Autant vous dire que j'ai passé les quelques semaines qui viennent de s'écouler en bien bonne compagnie (et pas que grâce à Lagardère, mauvaises langues! Le vif et pétillant bossu y est pour quelque chose aussi). Je travaille beaucoup depuis le début du mois de juillet, je n'ai malheureusement que très peu de temps pour bouquiner (ce qui explique ma lenteur à lire Le bossu), mais ce fut chaque soir un régal d'ouvrir ce bouillonnant, ce foisonnant roman de Paul Féval.
Je connais l'histoire du Bossu comme beaucoup par les adaptations cinématographiques. Deux d'entre elles, pour être précise. Celle avec Jean Marais et celle avec Daniel Auteuil. Cette histoire me touchait beaucoup d'abord enfant puis adolescente où j'appris qu'il s'agissait à la base d'un roman.

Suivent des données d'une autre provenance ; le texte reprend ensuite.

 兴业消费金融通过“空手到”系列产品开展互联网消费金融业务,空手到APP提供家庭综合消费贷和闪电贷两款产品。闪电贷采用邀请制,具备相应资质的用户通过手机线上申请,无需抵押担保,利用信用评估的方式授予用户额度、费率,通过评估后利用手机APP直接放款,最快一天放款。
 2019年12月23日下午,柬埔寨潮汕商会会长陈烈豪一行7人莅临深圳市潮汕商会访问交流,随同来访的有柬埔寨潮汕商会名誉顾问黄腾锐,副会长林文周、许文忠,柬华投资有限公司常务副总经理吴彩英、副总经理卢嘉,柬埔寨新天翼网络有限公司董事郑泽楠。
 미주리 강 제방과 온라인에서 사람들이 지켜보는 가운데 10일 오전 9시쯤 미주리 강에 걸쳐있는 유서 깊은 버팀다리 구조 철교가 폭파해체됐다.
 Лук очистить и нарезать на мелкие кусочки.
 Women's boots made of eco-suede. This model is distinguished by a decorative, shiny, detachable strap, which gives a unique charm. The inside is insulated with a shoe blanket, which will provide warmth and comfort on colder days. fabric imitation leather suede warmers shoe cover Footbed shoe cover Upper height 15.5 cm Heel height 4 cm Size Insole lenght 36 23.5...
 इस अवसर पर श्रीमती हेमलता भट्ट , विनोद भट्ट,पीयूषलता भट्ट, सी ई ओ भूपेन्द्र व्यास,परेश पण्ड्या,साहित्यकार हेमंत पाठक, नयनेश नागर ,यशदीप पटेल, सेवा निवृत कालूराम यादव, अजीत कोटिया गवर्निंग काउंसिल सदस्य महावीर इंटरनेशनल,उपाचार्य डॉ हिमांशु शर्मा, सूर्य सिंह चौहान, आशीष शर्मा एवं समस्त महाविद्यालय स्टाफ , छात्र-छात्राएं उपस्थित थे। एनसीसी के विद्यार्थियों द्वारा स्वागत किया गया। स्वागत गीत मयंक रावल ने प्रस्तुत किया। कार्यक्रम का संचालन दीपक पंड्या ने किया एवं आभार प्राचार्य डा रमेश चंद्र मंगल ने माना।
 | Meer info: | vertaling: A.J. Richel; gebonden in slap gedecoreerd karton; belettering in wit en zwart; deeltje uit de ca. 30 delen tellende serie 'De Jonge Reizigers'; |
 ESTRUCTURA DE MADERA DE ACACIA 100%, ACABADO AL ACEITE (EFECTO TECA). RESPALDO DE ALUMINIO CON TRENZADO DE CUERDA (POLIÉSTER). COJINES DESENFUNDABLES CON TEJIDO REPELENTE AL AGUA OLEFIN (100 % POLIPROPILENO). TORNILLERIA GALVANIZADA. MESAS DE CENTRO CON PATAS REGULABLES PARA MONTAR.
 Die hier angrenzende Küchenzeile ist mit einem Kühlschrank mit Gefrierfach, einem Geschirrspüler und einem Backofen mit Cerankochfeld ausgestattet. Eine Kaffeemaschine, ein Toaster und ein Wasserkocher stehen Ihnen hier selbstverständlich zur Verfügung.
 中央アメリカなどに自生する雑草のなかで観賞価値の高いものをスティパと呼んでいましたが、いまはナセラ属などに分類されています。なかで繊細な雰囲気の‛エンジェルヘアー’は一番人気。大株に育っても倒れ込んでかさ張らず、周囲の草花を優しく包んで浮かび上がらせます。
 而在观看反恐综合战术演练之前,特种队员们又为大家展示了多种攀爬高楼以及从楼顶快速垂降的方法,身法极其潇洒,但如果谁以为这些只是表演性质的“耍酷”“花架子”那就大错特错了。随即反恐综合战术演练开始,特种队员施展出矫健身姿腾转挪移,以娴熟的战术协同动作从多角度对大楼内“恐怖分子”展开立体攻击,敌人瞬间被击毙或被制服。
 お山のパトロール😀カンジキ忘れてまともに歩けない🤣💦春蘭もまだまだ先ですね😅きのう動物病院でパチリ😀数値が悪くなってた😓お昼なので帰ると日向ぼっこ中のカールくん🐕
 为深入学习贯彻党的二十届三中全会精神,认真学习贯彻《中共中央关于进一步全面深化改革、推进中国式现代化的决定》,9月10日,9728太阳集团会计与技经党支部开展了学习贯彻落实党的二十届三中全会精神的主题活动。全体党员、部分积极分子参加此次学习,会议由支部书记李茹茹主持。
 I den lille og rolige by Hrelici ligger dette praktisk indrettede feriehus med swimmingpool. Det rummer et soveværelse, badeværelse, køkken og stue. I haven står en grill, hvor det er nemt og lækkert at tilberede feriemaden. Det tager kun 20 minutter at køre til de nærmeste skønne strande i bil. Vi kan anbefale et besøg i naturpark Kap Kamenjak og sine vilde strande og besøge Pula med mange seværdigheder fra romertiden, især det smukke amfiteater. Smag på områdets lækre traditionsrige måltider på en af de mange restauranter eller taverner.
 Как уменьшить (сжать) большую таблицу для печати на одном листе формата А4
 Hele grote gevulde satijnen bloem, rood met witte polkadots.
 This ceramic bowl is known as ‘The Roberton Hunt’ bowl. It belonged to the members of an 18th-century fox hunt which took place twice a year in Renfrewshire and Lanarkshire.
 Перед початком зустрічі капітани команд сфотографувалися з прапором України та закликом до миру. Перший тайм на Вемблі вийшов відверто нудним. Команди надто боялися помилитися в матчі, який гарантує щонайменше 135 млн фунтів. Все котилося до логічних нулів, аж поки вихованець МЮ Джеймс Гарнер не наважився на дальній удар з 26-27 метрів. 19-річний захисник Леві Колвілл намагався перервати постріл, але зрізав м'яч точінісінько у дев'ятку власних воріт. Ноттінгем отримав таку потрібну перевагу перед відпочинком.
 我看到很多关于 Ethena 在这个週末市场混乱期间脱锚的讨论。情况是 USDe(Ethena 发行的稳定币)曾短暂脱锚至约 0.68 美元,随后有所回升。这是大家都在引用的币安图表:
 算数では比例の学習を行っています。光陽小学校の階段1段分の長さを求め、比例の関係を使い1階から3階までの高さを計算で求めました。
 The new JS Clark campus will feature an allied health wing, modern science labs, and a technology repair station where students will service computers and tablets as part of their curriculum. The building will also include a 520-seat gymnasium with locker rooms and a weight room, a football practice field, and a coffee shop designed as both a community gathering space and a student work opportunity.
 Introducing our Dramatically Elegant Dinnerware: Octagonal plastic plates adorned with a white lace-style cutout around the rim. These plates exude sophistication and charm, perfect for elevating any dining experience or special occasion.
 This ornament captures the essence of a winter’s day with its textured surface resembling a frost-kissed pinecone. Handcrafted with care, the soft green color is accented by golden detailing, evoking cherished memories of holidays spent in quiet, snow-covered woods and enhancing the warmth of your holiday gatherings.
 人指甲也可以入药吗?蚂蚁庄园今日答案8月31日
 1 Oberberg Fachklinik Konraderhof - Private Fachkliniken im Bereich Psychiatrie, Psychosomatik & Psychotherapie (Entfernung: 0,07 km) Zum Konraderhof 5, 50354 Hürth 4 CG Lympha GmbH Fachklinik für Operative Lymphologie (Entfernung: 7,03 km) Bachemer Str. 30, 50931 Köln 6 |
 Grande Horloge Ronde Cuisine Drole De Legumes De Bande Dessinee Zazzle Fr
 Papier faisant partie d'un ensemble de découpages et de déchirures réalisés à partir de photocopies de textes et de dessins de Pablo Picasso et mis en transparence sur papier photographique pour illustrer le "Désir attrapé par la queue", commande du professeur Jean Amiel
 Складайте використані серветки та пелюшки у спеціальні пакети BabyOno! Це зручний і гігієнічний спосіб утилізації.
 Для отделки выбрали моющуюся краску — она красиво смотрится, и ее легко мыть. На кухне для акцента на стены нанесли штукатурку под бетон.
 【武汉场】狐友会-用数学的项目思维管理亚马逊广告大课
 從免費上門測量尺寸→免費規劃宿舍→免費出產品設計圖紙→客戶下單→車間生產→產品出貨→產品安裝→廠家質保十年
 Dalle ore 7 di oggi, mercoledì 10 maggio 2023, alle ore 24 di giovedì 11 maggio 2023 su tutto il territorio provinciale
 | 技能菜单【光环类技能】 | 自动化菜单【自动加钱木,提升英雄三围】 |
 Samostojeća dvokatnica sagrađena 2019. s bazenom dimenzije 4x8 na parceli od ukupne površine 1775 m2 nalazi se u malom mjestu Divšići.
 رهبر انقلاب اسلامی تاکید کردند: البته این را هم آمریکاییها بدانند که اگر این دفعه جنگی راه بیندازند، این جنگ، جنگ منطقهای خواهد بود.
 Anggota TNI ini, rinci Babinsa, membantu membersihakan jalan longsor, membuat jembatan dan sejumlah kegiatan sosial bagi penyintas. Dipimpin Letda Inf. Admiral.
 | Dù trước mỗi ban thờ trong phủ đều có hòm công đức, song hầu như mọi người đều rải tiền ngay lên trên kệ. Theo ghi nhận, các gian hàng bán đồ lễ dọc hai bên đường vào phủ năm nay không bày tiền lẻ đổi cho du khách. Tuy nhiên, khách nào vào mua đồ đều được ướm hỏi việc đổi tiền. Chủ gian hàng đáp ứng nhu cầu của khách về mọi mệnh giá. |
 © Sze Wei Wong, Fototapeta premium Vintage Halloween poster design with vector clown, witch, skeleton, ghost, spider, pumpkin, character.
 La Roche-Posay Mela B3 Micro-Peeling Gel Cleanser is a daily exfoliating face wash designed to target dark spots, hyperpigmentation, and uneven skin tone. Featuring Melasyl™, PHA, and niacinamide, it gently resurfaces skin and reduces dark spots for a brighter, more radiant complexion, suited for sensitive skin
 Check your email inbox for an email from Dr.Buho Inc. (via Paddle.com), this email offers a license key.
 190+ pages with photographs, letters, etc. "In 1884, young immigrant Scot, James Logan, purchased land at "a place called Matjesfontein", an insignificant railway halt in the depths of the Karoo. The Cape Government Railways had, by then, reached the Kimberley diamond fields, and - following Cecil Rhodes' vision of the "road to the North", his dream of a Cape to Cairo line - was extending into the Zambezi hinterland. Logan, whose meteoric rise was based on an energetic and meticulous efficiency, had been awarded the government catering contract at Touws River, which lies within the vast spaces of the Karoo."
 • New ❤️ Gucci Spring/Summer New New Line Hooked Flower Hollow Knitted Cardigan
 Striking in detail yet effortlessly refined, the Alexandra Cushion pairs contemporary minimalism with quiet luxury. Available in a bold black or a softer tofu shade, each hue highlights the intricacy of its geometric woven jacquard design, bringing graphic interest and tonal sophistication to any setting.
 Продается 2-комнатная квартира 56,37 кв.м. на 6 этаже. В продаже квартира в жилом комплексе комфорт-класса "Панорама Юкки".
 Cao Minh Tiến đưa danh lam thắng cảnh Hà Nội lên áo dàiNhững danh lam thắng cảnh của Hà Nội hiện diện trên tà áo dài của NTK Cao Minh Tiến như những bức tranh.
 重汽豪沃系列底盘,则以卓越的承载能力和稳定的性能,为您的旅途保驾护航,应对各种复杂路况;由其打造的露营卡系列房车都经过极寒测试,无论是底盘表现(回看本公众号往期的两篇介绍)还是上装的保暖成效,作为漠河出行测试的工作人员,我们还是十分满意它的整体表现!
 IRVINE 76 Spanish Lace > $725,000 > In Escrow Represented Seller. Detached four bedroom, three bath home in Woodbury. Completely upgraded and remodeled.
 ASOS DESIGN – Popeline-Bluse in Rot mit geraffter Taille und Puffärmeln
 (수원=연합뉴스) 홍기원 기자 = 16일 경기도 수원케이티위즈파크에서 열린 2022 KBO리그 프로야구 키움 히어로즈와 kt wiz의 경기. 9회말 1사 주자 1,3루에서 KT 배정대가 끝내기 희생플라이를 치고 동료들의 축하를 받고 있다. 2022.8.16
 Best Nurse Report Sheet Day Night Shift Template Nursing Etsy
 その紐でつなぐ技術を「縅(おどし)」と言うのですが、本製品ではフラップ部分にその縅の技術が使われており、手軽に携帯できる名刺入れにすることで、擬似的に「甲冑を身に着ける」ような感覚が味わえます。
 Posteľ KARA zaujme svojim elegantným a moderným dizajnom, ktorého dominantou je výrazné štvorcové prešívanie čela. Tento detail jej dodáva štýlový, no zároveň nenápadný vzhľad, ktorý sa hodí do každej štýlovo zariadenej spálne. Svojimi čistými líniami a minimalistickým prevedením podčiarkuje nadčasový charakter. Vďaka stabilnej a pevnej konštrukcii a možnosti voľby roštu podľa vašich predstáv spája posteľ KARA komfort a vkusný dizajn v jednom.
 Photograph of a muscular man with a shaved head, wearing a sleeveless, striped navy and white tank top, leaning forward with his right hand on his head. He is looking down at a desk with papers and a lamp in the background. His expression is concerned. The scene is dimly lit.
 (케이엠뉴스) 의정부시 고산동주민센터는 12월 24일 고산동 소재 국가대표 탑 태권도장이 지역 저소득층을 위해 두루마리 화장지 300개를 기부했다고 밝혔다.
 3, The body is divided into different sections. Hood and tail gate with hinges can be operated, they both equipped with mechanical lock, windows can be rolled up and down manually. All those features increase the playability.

Il a fallu le swap Cape et épée (d'il y a quelques temps) pour que ce roman tombe enfin entre mes mains (le 1er qui me dit que j'ai mis un temps infini à l'ouvrir sera obligé de disserter sur le dernier roman de Marc Lévy ... non mais!). Sur le coup, j'ai douté : "Ma vieille, ouvrir un pavé de 800 pages écrit petit, ce n'est peut-être pas judicieux sachant que tu n'auras qu'une pauvre demi-heure au plus de lecture chaque soir et que tu seras dans un état de coma avancé ... ". Mais au bout de 3 pages j'étais piégée. Je suis tombée sous le charme de cette plume si proche de mon cher Dumas, une plume drôle, ironique, émouvante, énergique, ingénieuse ... Dumas reste Dumas, il est indétrônable, mais franchement, Paul Féval n'est pas loin. J'ai beaucoup ri (Aah! Passepoil et Cocardasse), j'ai été émue aussi ... Je suis passée par plusieurs émotions. J'ai cru à cette belle histoire d'amitié. Ce lien si soudain, si pur, si spontané entre Philippe de Nevers et Henri de Lagardère ainsi que le serment de ce dernier m'ont tirée les larmes aux yeux : " Oui, s'écria t-il, voici la fille de Nevers! Viens donc la chercher derrière mon épée, assassin! toi qui as commandé le meurtre, toi qui l'as achevé lâchement par-derrière! Qui que tu sois, ta main gardera ma marque. Je te reconnaîtrai. Et, quand il sera temps, si tu ne viens pas à Lagardère, Lagardère ira à toi! " (p138).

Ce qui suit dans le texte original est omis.